Not so. Chatwin is a master of the discrete fragment, and also the blended fragment. His composition is solid and well-connected-- but also well-segmented.

He's hard to "type."

He's not really a "travel writer."

"The Songlines", one of my favorite books of his, consists as much of metaphysical speculation grounded in history, myth and aboriginal culture as it does in gritty portraits of old geezers living in corrugated steel huts in the Outback.

"Fabulist" is a partially accurate word for Chatwin, but even that won't do.

He resembles J.M. Coetzee. "Waiting for the Barbarians" and other Coetzee books have the same sort of feel.

One might also compare Chatwin to Borges, Nabokov and W.G. Sebald, whom he resembles in many respects.

Sebald wrote a fine essay on Chatwin in "Campo Santo"--

This link:


http://marksarvas.blogs.com/elegvar/200 ... eview.html


and this link:

http://www.washingtonpost.com/wp-dyn/ar ... Mar10.html

will convey you to comments in reviews and essays on both writers.

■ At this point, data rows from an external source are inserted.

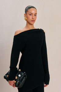 Preorder — Estimated ship date between December 13th and December 27th A wool-blend knit top with an extra-wide boat neck and gold-toned hardware detail at the left shoulder. — Long sleeve — Wool blend — Boat neck — Gold-toned hardware detail — Asymmetrical hem — Wear with the Sudi Knit Pant SIZE & FIT NOTES Model is 5'10" and is wearing a size Small COMPOSITION AND CARE 35% NYLON 35% VISCOSE 30% WOOL
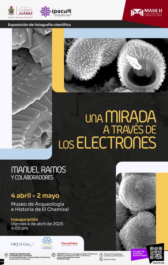 El Instituto para la Cultura del Municipio de Juárez (IPACULT) invita a la ciudadanía a la inauguración de la exposición “Una mirada a través de los electrones”, del doctor Manuel Ramos, la cual se llevará a cabo el próximo viernes 4 de abril a las 04 de la tarde en el Museo de Arqueología e Historia de El Chamizal (MAHCH).
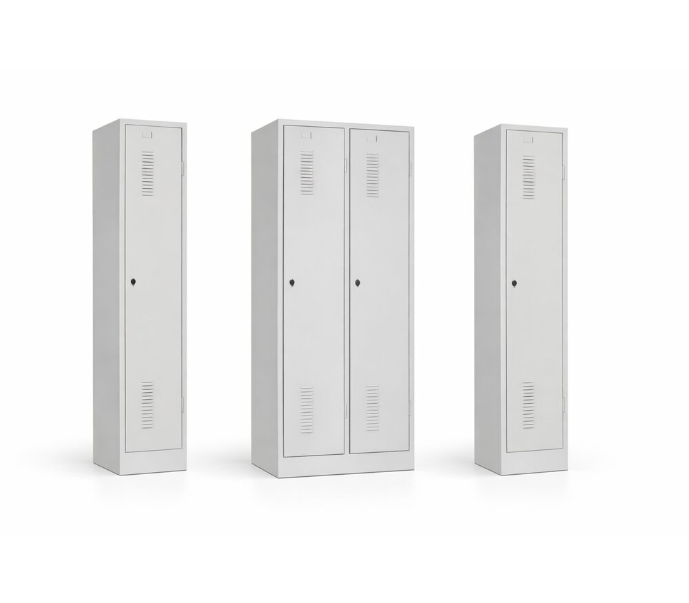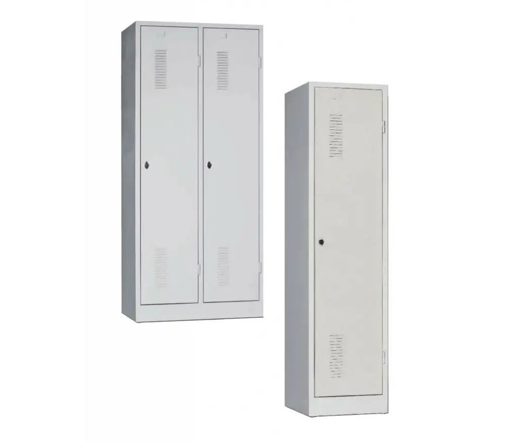 Chaque compartiment est équipé de série d’une tablette supérieure, d’une tringle porte-vêtements avec crochets et d’une cloison verticale intégrée permettant de séparer les vêtements propres des vêtements souillés. Les portes disposent d’ouvertures de ventilation favorisant la circulation de l’air ainsi que d’un porte-étiquette pour une identification claire.
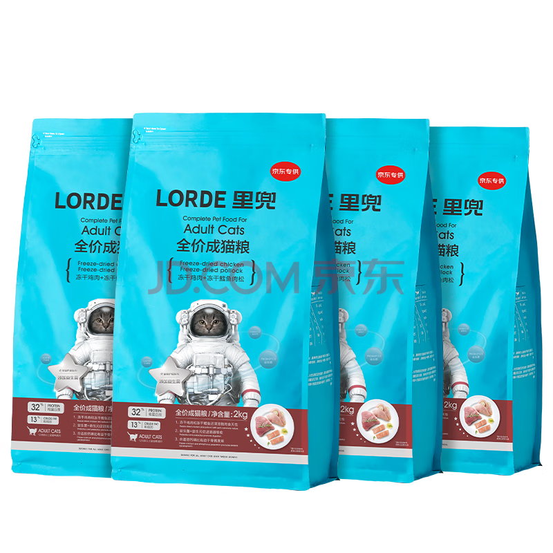 商品相册:lorde里兜成猫冻干猫粮全价主食益生菌肠道呵护无谷猫粮专供款2kgx4袋 第

Chatwin, like Theroux and Sebald, uses travel writing as a gambit, not an end in itself. The goals of these writers do not include making the reader an "armchair traveler."


BY THE WAY, mnaz:

Do you know the book "The Klamath Knot" by David Rains Wallace?

http://www.ucpress.edu/books/pages/9891.html

It's an incisive intertwining of myth and superior landscape/ travel writing about the Oregon/ California Klamath region.